Problem requirements —
Please give back, exactly as written, the lines from the line with "Singtel新电信旅游卡有" to the line with "The Drain Protector" in the listing below, leaving out all pictures.

Information given —

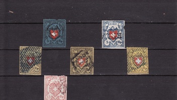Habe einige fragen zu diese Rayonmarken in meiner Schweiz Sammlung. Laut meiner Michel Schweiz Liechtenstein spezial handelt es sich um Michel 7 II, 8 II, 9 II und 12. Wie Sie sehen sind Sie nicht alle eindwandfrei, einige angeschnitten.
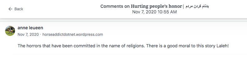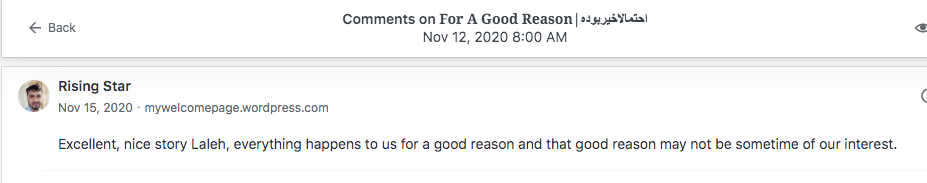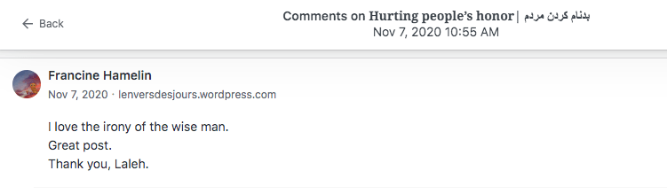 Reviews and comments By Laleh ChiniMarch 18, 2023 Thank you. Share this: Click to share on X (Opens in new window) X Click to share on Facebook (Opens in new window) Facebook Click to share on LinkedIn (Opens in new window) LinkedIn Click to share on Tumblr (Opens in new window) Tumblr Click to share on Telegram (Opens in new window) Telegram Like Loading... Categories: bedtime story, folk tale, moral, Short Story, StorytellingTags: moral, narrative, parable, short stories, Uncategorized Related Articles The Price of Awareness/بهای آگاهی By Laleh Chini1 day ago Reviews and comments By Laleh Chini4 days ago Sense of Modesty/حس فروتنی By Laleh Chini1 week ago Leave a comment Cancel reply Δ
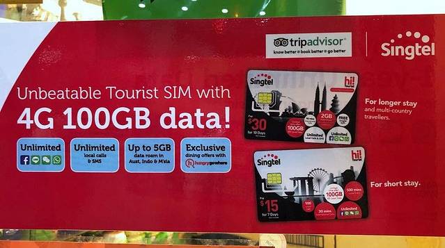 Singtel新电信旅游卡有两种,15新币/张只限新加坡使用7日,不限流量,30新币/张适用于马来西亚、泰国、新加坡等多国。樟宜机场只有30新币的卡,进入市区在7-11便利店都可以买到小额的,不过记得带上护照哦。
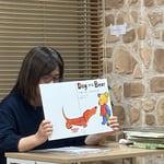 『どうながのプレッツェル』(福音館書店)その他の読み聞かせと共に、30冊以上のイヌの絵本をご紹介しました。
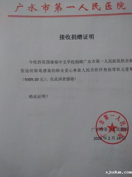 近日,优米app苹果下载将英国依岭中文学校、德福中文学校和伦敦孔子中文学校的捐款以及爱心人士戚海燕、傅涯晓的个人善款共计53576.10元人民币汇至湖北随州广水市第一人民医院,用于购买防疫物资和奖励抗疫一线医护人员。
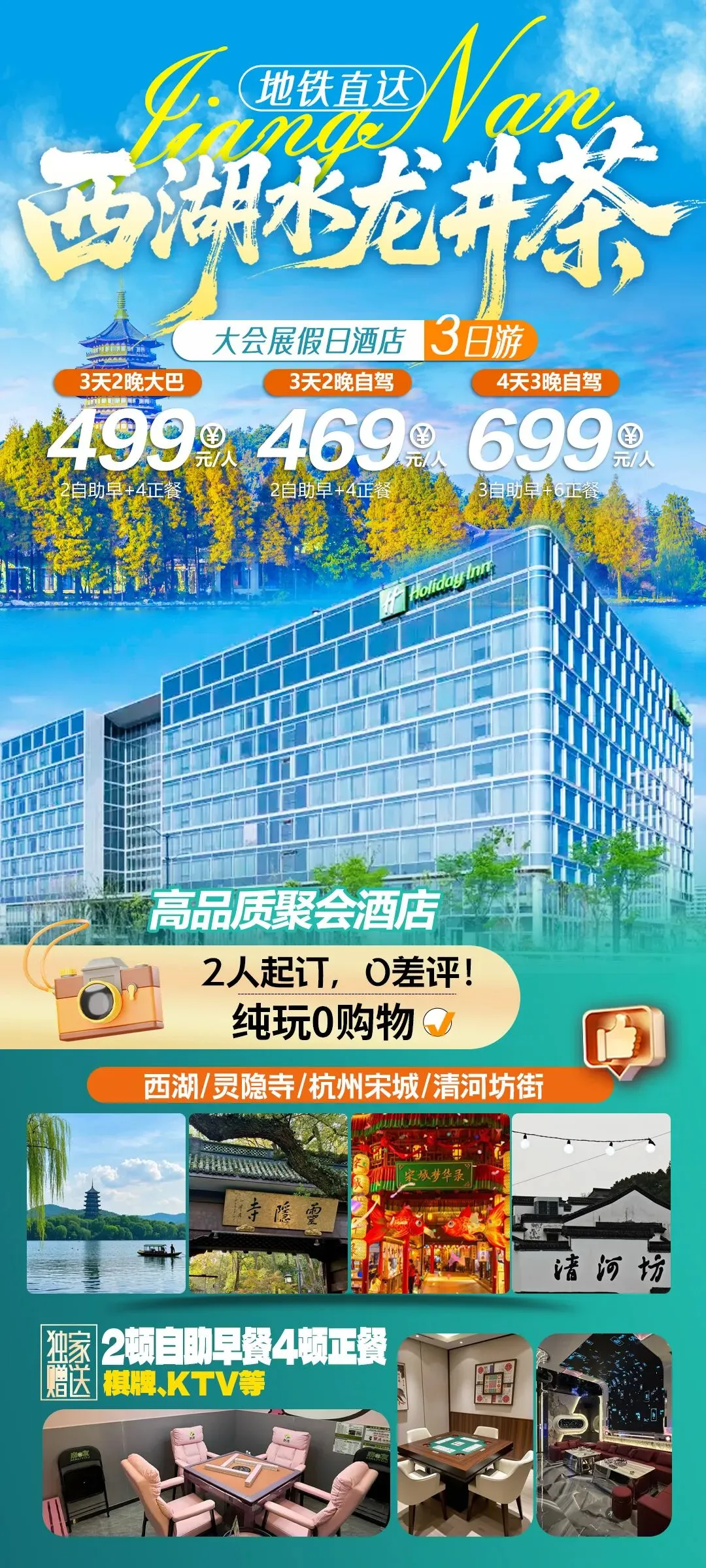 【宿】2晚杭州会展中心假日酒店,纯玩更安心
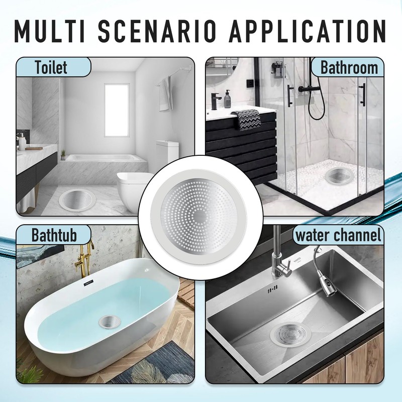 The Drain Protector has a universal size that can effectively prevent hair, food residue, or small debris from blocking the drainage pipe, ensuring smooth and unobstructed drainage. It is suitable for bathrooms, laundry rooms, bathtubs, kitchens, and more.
...
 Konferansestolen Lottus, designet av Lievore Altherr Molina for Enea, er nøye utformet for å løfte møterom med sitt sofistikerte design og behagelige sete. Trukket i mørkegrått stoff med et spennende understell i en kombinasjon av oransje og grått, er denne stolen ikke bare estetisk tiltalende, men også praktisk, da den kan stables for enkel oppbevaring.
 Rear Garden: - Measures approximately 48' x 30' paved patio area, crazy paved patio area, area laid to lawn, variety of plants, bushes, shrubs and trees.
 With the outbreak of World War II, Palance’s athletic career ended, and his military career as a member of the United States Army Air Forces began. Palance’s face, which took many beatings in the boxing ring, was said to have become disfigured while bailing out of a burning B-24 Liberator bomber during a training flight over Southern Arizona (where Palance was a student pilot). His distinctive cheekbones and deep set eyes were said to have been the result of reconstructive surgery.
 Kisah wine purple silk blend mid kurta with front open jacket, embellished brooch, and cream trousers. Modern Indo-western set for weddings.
--
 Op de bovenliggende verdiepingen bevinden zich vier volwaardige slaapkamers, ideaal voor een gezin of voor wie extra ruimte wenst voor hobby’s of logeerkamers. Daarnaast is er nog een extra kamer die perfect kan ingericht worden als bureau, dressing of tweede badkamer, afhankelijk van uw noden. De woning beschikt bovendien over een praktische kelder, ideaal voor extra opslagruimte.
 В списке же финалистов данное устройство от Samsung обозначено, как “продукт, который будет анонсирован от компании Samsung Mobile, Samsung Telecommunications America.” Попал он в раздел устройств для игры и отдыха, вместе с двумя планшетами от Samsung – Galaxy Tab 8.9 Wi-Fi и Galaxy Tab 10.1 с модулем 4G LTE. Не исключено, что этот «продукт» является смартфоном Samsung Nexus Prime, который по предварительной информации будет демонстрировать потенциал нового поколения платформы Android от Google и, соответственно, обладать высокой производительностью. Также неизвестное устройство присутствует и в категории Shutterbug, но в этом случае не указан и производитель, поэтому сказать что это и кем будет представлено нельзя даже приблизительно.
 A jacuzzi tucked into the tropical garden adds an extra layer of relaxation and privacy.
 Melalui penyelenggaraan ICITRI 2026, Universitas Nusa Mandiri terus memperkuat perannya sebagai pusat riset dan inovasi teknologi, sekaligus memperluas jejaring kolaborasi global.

Answer box —
 Singtel新电信旅游卡有两种,15新币/张只限新加坡使用7日,不限流量,30新币/张适用于马来西亚、泰国、新加坡等多国。樟宜机场只有30新币的卡,进入市区在7-11便利店都可以买到小额的,不过记得带上护照哦。
 『どうながのプレッツェル』(福音館書店)その他の読み聞かせと共に、30冊以上のイヌの絵本をご紹介しました。
 近日,优米app苹果下载将英国依岭中文学校、德福中文学校和伦敦孔子中文学校的捐款以及爱心人士戚海燕、傅涯晓的个人善款共计53576.10元人民币汇至湖北随州广水市第一人民医院,用于购买防疫物资和奖励抗疫一线医护人员。
 【宿】2晚杭州会展中心假日酒店,纯玩更安心
 The Drain Protector has a universal size that can effectively prevent hair, food residue, or small debris from blocking the drainage pipe, ensuring smooth and unobstructed drainage. It is suitable for bathrooms, laundry rooms, bathtubs, kitchens, and more.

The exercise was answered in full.